Another useful ability of AR is how it allows virtual objects to be placed in the real world -- a process referred to as visualisation.

Melding the virtual and the real in this way offers designers a way of interacting with virtual 3D models of their creations as if they were physical, real-world objects.

An example might be car design, says Blau, where those drawing up plans for the car manipulate and refine 3D virtual parts, which are projected into their view using an AR headset.

Car designers have got to "get the design right" for "thousands of pieces of parts", he said, and visualisation "using computer graphics and these immersive techniques" helps them to do so. He added that car designers have been using the technique for a long time, using earlier technologies. One such example is this spatial augmented reality setup used by Volkswagen, in which virtual layouts of a car interior are projected onto a full-size model of a car dashboard.

Visualisation of 3D objects using AR in this way could also offer a better sense of what a finished product would be like than a flat image on a screen.

Better customer service

AR has the potential to make life easier for customer-facing staff, particularly for those working in retail.

For example, a sales assistant at a make-up counter could use AR glasses to help the customer buy cosmetics that best suits them, says the Forrester report.

Not only could the assistant see what the customer would look like wearing different make-up, they could also get guidance on how to apply it.

"By superimposing makeup directions directly into the sales associate's field of vision, the end results will be far better for the customer," says the report.

There are already examples of AR and virtual reality being offered to customers using tablets, rather than head-mounted displays. For example, the hardware retailer Lowe's allows customers to explore 3D models of custom-designed bathroom suites using iPads, as part of its Holoroom experience. Customers explore the virtual 3D environment by walking around the Holoroom holding out the iPad, whose screen shows the virtual space around them.

New ways of working

Beyond giving remote workers a helping hand, AR headsets could also change the way we work.

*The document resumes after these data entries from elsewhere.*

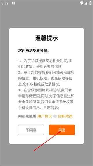 1、在温馨提示弹窗中,阅读隐私政策后,点击同意按钮。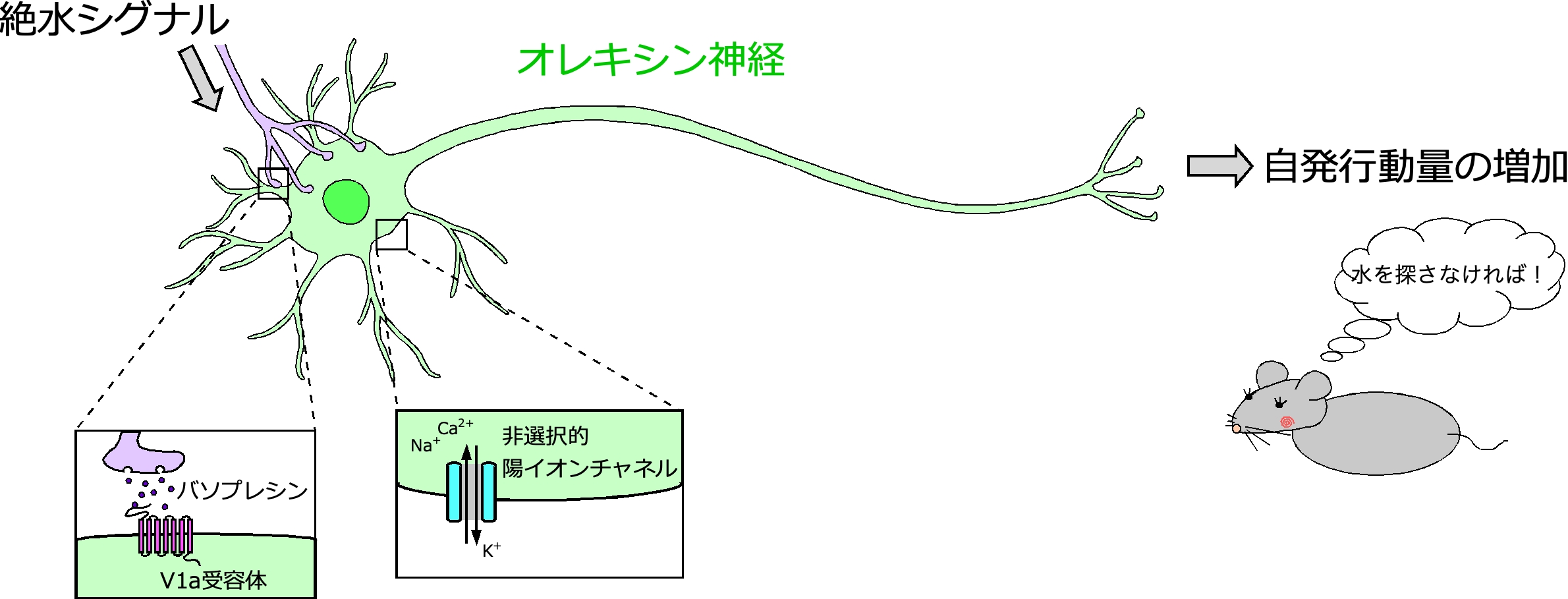 神経ペプチドの一種であるオレキシンを産生するオレキシン神経は、視床下部外側野に局在しており、覚醒の維持に重要な役割を担う。本研究では、オレキシン神経の活動を制御する神経メカニズムを解明した。スライスパッチクランプ法を用いて、バソプレシンがV1a受容体を介して、その下流の非選択的陽イオンチャネルを開口させることでオレキシン神経を活性化することを明らかにした。また、マウス個体を用いた行動薬理学実験より、絶水時の自発行動量の増加にこのV1a受容体を介したオレキシン神経の活性化が重要な役割を果たしていることを見出した。オレキシン神経への入力系を明らかにすることにより、睡眠覚醒制御機構をはじめとする本能行動の根幹をなす神経機構の解明に貢献した。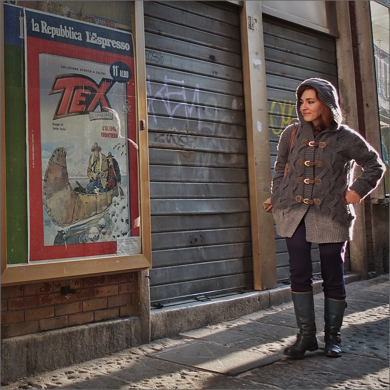 Grazie Arnaldo,Harma e Bruno per i graditissimi commenti.Cercavo un soggetto che potesse contrapporsi con la sua normalità alla vita avventurosa di Tex,ho visto un signore venire da un vicolo laterale con la sua borsa da impiegato ed ero pronto a scattare,contemporaneamente,con la coda dell'occhio ho visto che dal lato opposto entrava in scena lei e rallentava il passo avanti al manifesto.Indeciso su quale soggetto escludere li ho presi entrambi anche se lei al limite,il processo mentale è durato un attimo.In post poi il sorriso di lei verso Tex ha avuto la precedenza.Mostro la foto con l'uomo,mio primo soggetto,ed il fotogramma completo.Un caro saluto,Sergio.

Blau gives the example of a loss adjustor from an insurance company who is examining a car that's been in an accident.

As the adjustor examines the wrecked vehicle, an AR headset could feed video of the car back to a system that recognises the damage and estimates how much it will cost to fix.

"It's using the recognition capabilities of the device to help that insurance worker to determine what happened," said Blau.

"That could help that insurance worker process claims faster and potentially more accurately."

Similarly in the health industry, AR could also change how doctors diagnose and treat illnesses, said Blau. For example, an AR headset could capture symptoms during the examination of a patient and place relevant medical information in the doctor's view.